ON FLORIDA’S WATERS

ON FLORIDA’S WATERS
By: KEVIN MCCARTHY

CAPTIONS
1. An otter with a fish
2. A jaguar fishing
3. A cassowary has long feathers.
4. A kingfisher with a fish
5. A cormorant catching a fish
6. A Chinese fisherman with two cormorants

 

Getting Animals to Fish for Us

For those who think fishing is too hard (remember: It’s fishing, not catching), here’s a solution tried throughout the world: getting animals to fish for us. People have done neat things with different kinds of animals. The Ainu in Japan have trained their dogs to jump off their boats, bark loudly, and drive fish into the nets attached to the boats. Eskimos have trained their dogs to find polar bears or even to find the breathing holes of seals under the snow. One particular Eskimo tribe sets aside part of every such catch, something called “the dogs’ share,” as a reward for finding the seals. Some tribes bury a skilled hunter with his favorite dog.

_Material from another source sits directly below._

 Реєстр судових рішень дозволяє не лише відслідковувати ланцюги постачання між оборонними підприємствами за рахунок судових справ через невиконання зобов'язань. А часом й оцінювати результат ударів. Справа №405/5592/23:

Otters have been known to catch crayfish by dangling their tail in the water and attracting the curious fish. Other animals that have been observed using their tails to attract unsuspecting fish and crabs are coyotes, foxes, raccoons, and rats, but the predators usually gobble down their catch. They might be difficult to train to allow a fisherman to take the prey out of the mouths of the animals, for example the kingfisher pictured here.

Jaguars, the wild kind, not the football players, have learned to put their tails in the water and move them around to attract fish which think the motion and sound are from fresh fruit falling into the water. The jaguars then easily scoop the fish up with their paws.

The cassowary birds of New Guinea and Australia wag their wings in the water to attract fish which think the feathers are weeds. The fish become easy to catch for the big birds.

The Chinese have become very skilled at using cormorants to catch fish. The fishermen will begin when the birds are very young, teaching them to fish in shallow water after fastening straps around the birds’ necks to prevent them from swallowing the fish. Notice the photo here of a Chinese fisherman and his two valuable cormorants.

When the birds get a little older, the fishermen will take them out on their boats, dangle containers of fire over the sides to attract the fish, throw the birds overboard, and then gather in the fish as the birds swiftly dive deeply and quickly retrieve lots of fish near the baskets hanging down from the boat. Fishermen have been known to use as many as a dozen cormorants at a time.

So, if there are any lazy fishermen out there, think about getting some cormorants to do your work for you. If nothing else, the sight of diving birds catching fish and putting them in baskets will provide nearby anglers with a great story to tell back on land.